▸ REQUIRED ACTION
Give back every record word for word, keeping the pictures out.

▸ RECORD SET
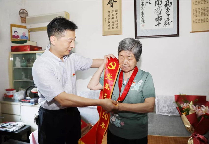 杨杰抚摸着金灿灿的纪念章说道,”今天受领‘光荣在党50年’纪念章,我心情无比激动,这是党给予我的最高荣誉,我打心里感恩党中央对我们老同志的关心关怀。”
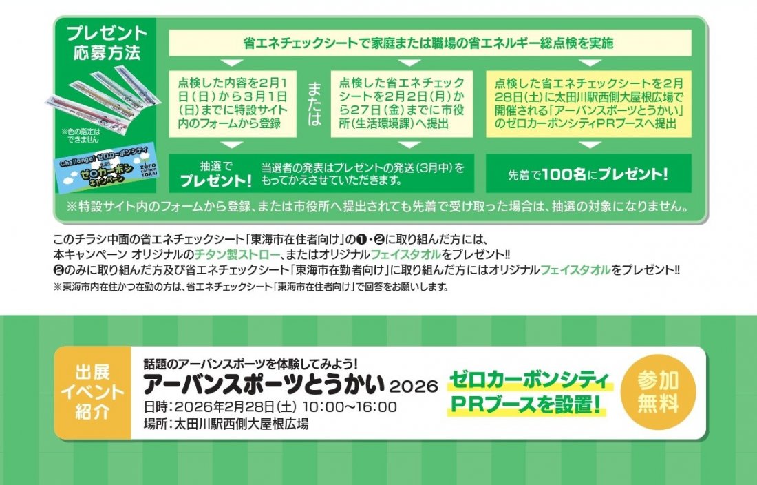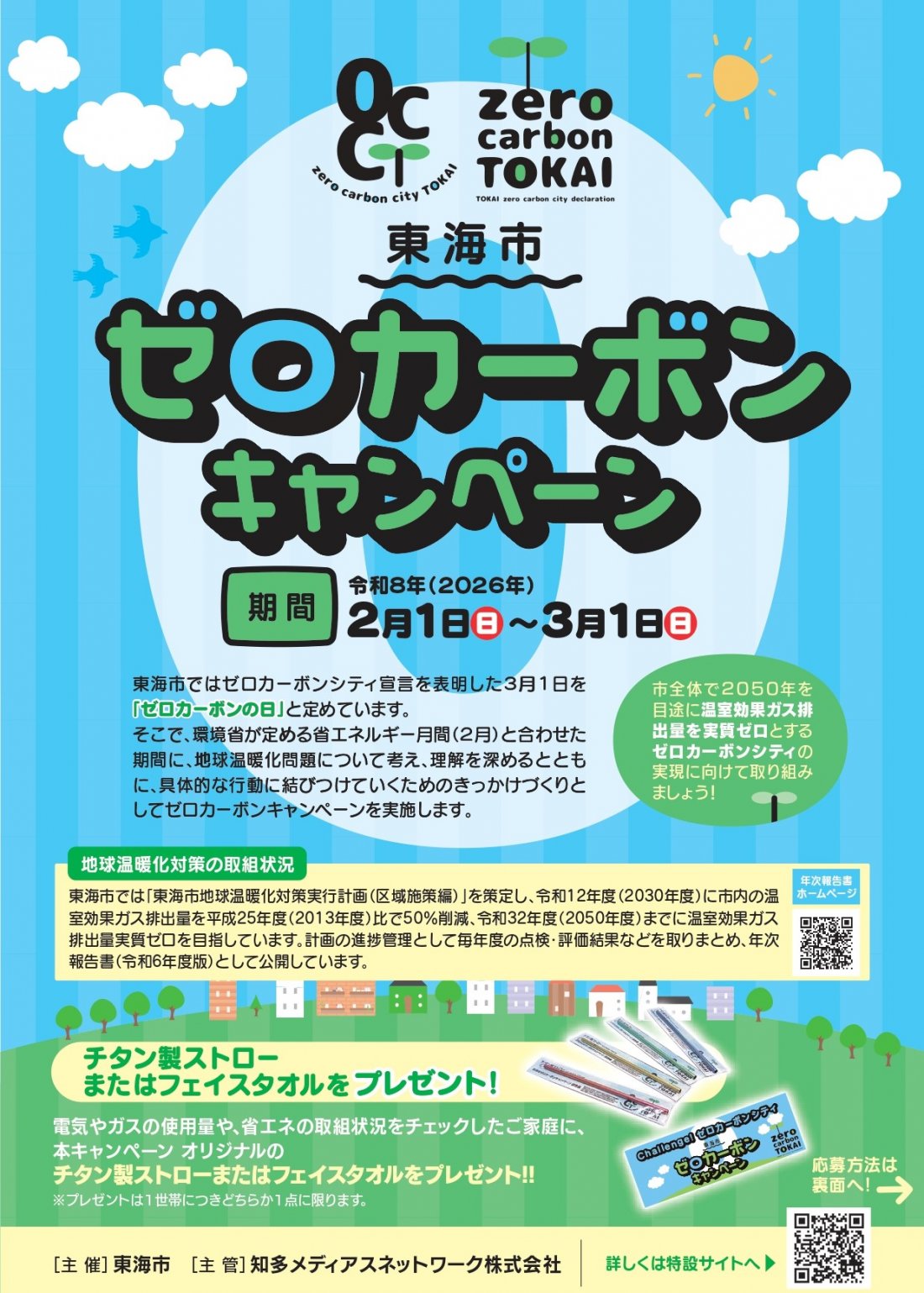 東海市ゼロカーボンキャンペーン (とうかいしゼロカーボンキャンペーン) 期間 2月1日(日)~3月1日(日) |
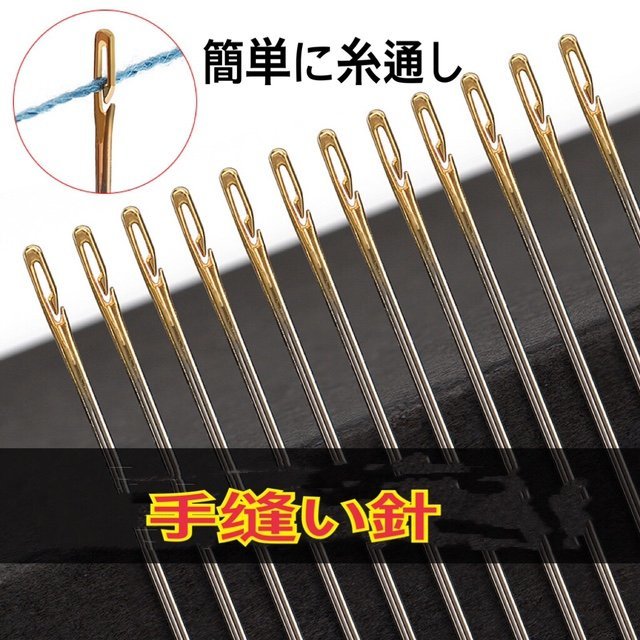 12本セット 手縫い針 ワンタッチ糸通し 簡単糸通し仕様 縫針 老眼
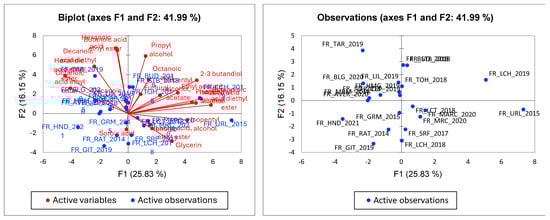 - Rossi, L.; Foschi, M.; Biancolillo, A.; Maggi, M.A.; D’Archivio, A.A. Optimization of HS-SPME-GC/MS Analysis of Wine Volatiles Supported by Chemometrics for the Aroma Profiling of Trebbiano d’Abruzzo and Pecorino White Wines Produced in Abruzzo (Italy). Molecules 2023, 28, 1534. [Google Scholar] [CrossRef] [PubMed]
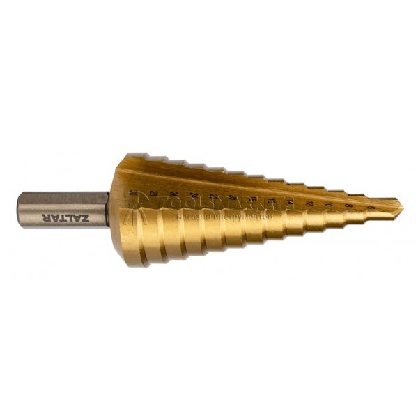 Сверло ступенчатое, HSS TiN, Gr.3, Ø6-30 мм, прямая канавка, трехплоскостной хвостовик ZALTAR ZA-05348
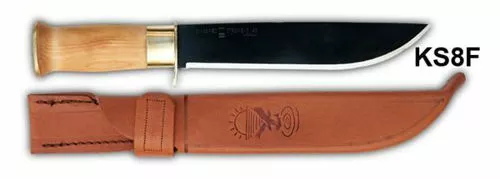 Strømeng SAMEKNIV 8″» M/FINGERVERNSpesielt utviklet til Forsvarets behov for universalredskap for sine jegertropper. Med denne kniven vant Knivsmed Strømeng en anbudskonkurranse med mange store knivprodusenter i Europa. …- Bladlengde 21 cm.- Totalt 33 cm.- Vekt 360
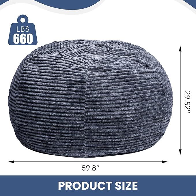- HIGH-QUALITY CHAIR COVER: Our large bean bags are made of thicker and thickened corduroy fabric, which has a very soft and skin-friendly texture, and is more durable and stain resistant than ordinary fabrics.
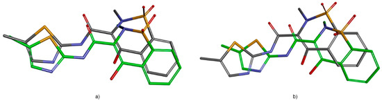 Overlay of meloxicam (MXM) conformation extracted from 4M11 (a) and 4O1Z (b) co-crystals (carbon shown in green) with the best docked conformer in cyclooxygenase (COX-2) and (COX-1) (carbon depicted in grey).
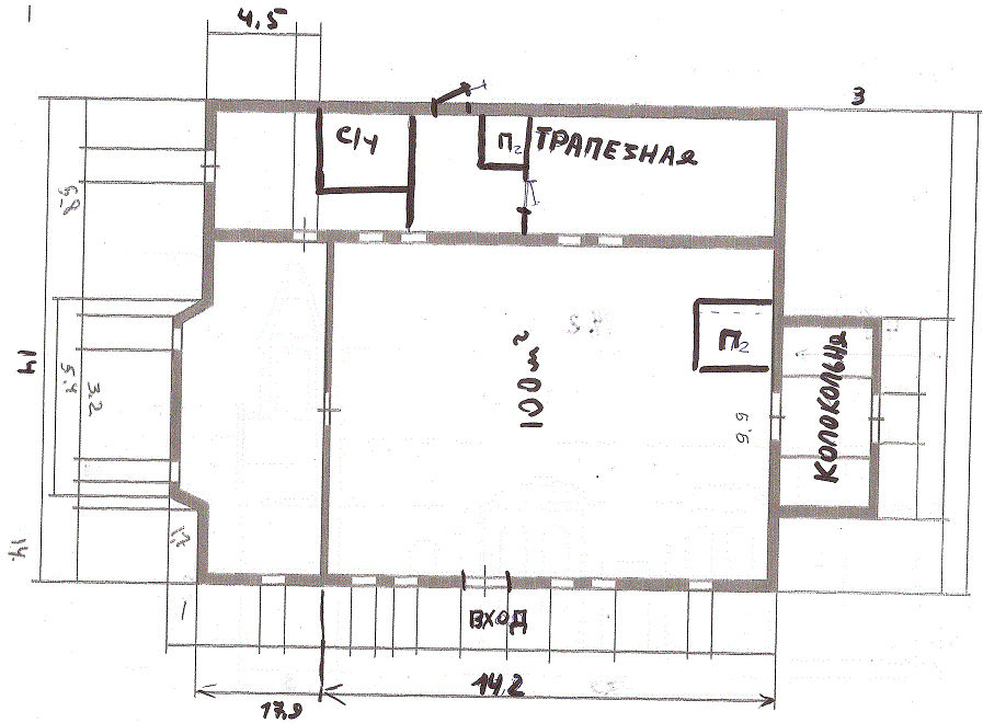 А стена между трапезной и молитвенным залом капитальная? какой материал? какова толщина её? В этой стене ведь возможно встроить печь отопительно-варочную как большой щиток + с воздухогрейными-калориферными каналами. А для увеличения теплоёмкости печи - ещё и с прогревваемой лежанкой-топчаном вдоль стенки в молитвенной зале.
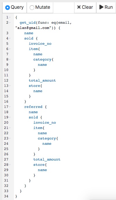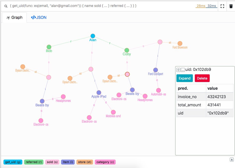 Query and Result in Ratel(Dgraph):
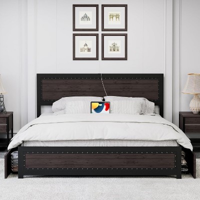 - queen size bed frame with charging station
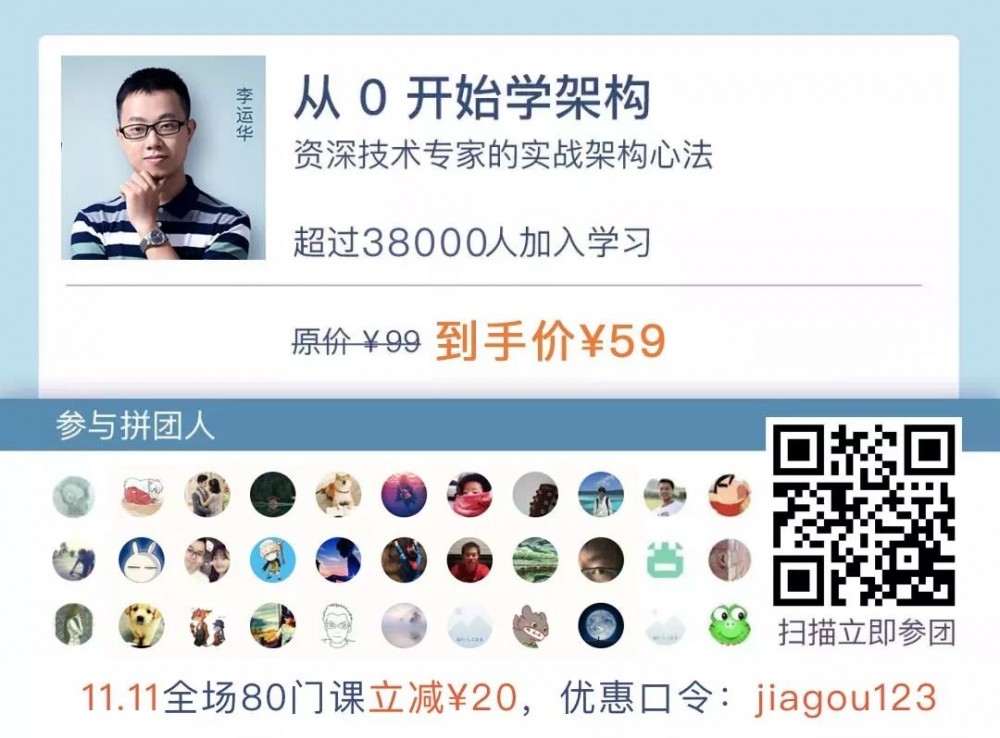 极客时间 11.11 优惠 ,《从0开始学架构》 超值参团 ¥79 ,原价 ¥99,再加上全场 立减¥20优惠口令 : jiagou123 , 到手价¥59 。
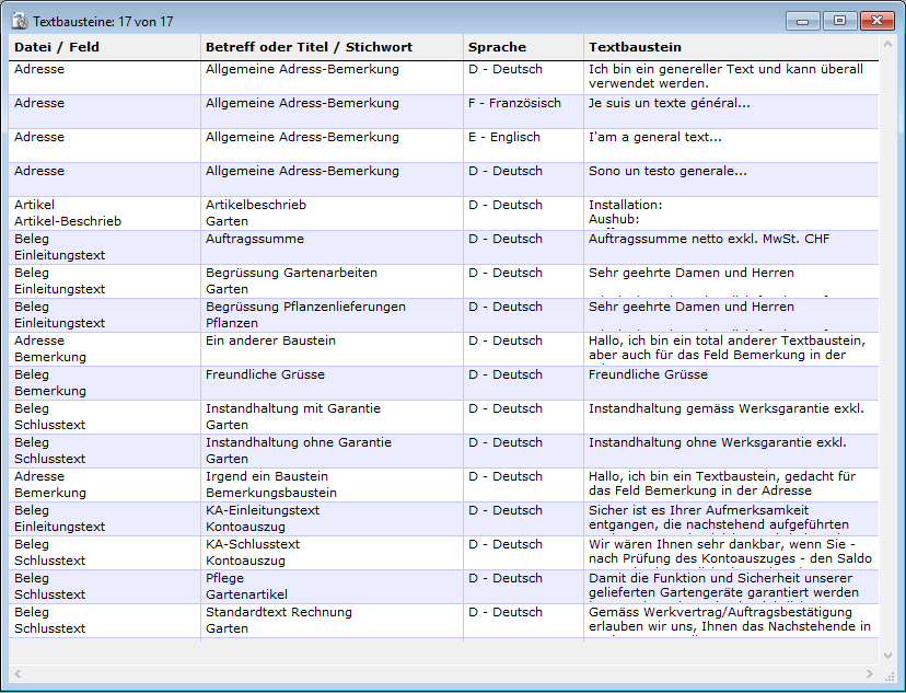 Verwalten von Textbausteinen
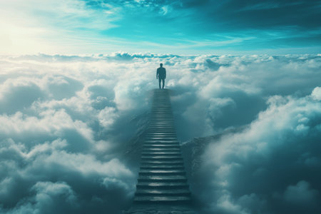 Surreal landscape a man standing above clouds surrounded by dreamlike staircases
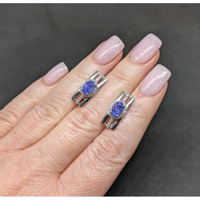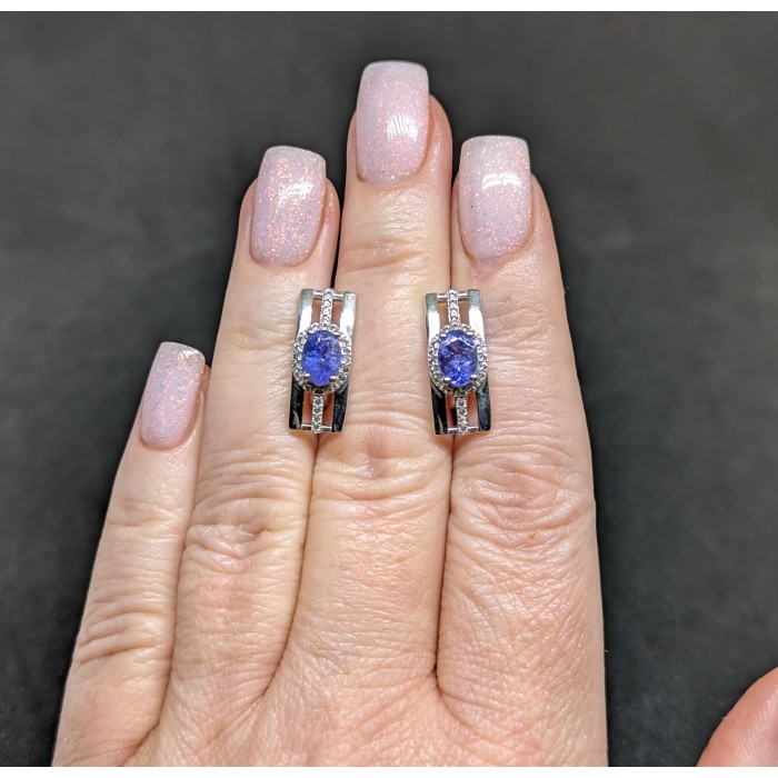 Natural Blue Tanzanite & Cubic Zirconia 7.5 x 18.7 mm.
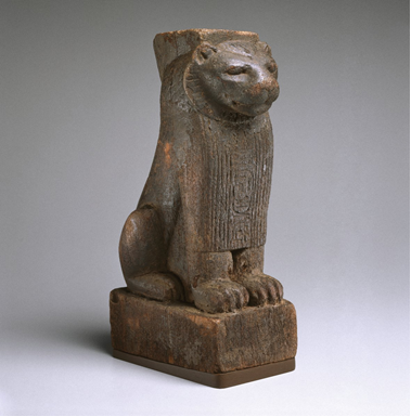 the depiction of a pharaoh as a lion; on its chest we see the pharaoh's name,
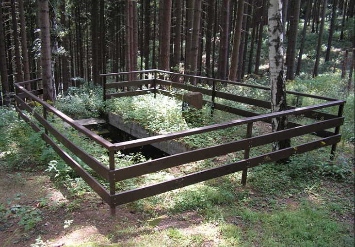 Zemlyanka used by partisans near Nýrov, Czech Republic, preserved as a World War II memorial

▸ RESPONSE
 杨杰抚摸着金灿灿的纪念章说道,”今天受领‘光荣在党50年’纪念章,我心情无比激动,这是党给予我的最高荣誉,我打心里感恩党中央对我们老同志的关心关怀。”
 東海市ゼロカーボンキャンペーン (とうかいしゼロカーボンキャンペーン) 期間 2月1日(日)~3月1日(日) |
 12本セット 手縫い針 ワンタッチ糸通し 簡単糸通し仕様 縫針 老眼
 - Rossi, L.; Foschi, M.; Biancolillo, A.; Maggi, M.A.; D’Archivio, A.A. Optimization of HS-SPME-GC/MS Analysis of Wine Volatiles Supported by Chemometrics for the Aroma Profiling of Trebbiano d’Abruzzo and Pecorino White Wines Produced in Abruzzo (Italy). Molecules 2023, 28, 1534. [Google Scholar] [CrossRef] [PubMed]
 Сверло ступенчатое, HSS TiN, Gr.3, Ø6-30 мм, прямая канавка, трехплоскостной хвостовик ZALTAR ZA-05348
 Strømeng SAMEKNIV 8″» M/FINGERVERNSpesielt utviklet til Forsvarets behov for universalredskap for sine jegertropper. Med denne kniven vant Knivsmed Strømeng en anbudskonkurranse med mange store knivprodusenter i Europa. …- Bladlengde 21 cm.- Totalt 33 cm.- Vekt 360
- HIGH-QUALITY CHAIR COVER: Our large bean bags are made of thicker and thickened corduroy fabric, which has a very soft and skin-friendly texture, and is more durable and stain resistant than ordinary fabrics.
 Overlay of meloxicam (MXM) conformation extracted from 4M11 (a) and 4O1Z (b) co-crystals (carbon shown in green) with the best docked conformer in cyclooxygenase (COX-2) and (COX-1) (carbon depicted in grey).
 А стена между трапезной и молитвенным залом капитальная? какой материал? какова толщина её? В этой стене ведь возможно встроить печь отопительно-варочную как большой щиток + с воздухогрейными-калориферными каналами. А для увеличения теплоёмкости печи - ещё и с прогревваемой лежанкой-топчаном вдоль стенки в молитвенной зале.
 Query and Result in Ratel(Dgraph):
 - queen size bed frame with charging station
 极客时间 11.11 优惠 ,《从0开始学架构》 超值参团 ¥79 ,原价 ¥99,再加上全场 立减¥20优惠口令 : jiagou123 , 到手价¥59 。
 Verwalten von Textbausteinen
 Surreal landscape a man standing above clouds surrounded by dreamlike staircases
 Natural Blue Tanzanite & Cubic Zirconia 7.5 x 18.7 mm.
 the depiction of a pharaoh as a lion; on its chest we see the pharaoh's name,
 Zemlyanka used by partisans near Nýrov, Czech Republic, preserved as a World War II memorial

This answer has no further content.